I use a sample dataset of Apple (AAPL) containing 137 consequtive trading days.
Since the ARIMA model is evaluated using the AIC score and i need all of them to be evaluated using Root Mean Squared Error (RMSE), i apply the ARIMA trainer of the first 127 days and then i ask the ARIMA forecast to predict over an horizon of 10 days, comparing the actual price with the forecast and calculating the RMSE.
For the other methods its much easier, since i train each model on the 127 days and apply the model on the last 10 days.
Note that i am using Grid search to find optimal parameters for all methods. The process runs perfectly but when i add the ANOVA operator to compare the performances, an error pop up. When i disable the ANOVA and have only T-test, everyting runs smoothly.
I attach the process (if you want to run this you have to disable the ANOVA operator!), the error and the data sample in a zip file.
Kind regards,
mmarag
Comments
Hi @mmarag,
I have tried removing the range filtering, because you don't really need it (you get your performance measures with cross validation). Additionally, I see no way to compare ARIMA with the others.
Here is my process:
There is no significant difference between the groups, which may be understandable given the short window (intercept or the default node has a big weight). Maybe you need to generate more complex features in order to better fit the training data (larger windows, differentiation). The dataset itself is also very small.
For this kind of reduced data set time series models can be good. You can focus on comparing the predictions and their confidence intervals.
Best regards,
Sebastian
Hello and thanks for the input.
Actually, the cross validation is performed on the train data (i.e. the 127 days) and is used to help the optimizer choose the best parameters. I need to filter the data because i am interested on the performance for only the last 10 days, i want to ensure that the models would meet such data for the first time and haven't seen them before.

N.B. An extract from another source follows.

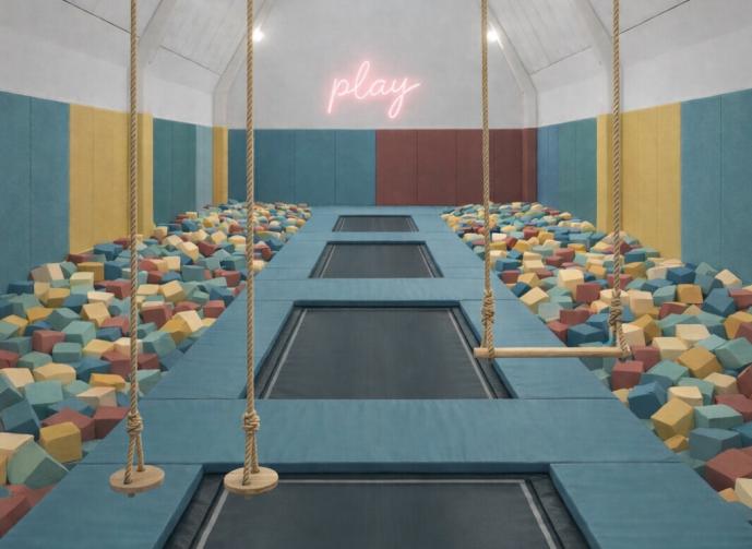 Outside, the plans propose a river facing terrace, climbing wall, a basketball court, a sociable table tennis corner, and a seasonal splash pad.

As regards to the training data size, i have also tried it with the copper dataset (its a ready made sample in the time series extension) and it works (apparts from the ANOVA operator which crashes)
with regards
Hi,
I tested with the copper dataset and it works if I use the whole sample size. If I take a look at the ANOVA table, I can see that for both cases N = 40. That means that the ANOVA operator seem to get a subset of the results (10 each) and it fails if there are less than 10 samples in each group. That doesn't seem to be correct, therefore it must be a bug.
I attach @sgenzer to be begin the bug-reporting process, thank you!
thank you very much for your effort on this
Thanks @SGolbert for pinging me.
@mmarag so I brought in this process and your Excel file and get no error whatsoever. Can you please help me reproduce?
Scott
hello @sgenzer,
when the T-test operator is connected to the ANOVA the error that pops out is this:
and the error description is
ok thanks. Just so I can replicate it exactly, can you please send me a new XML?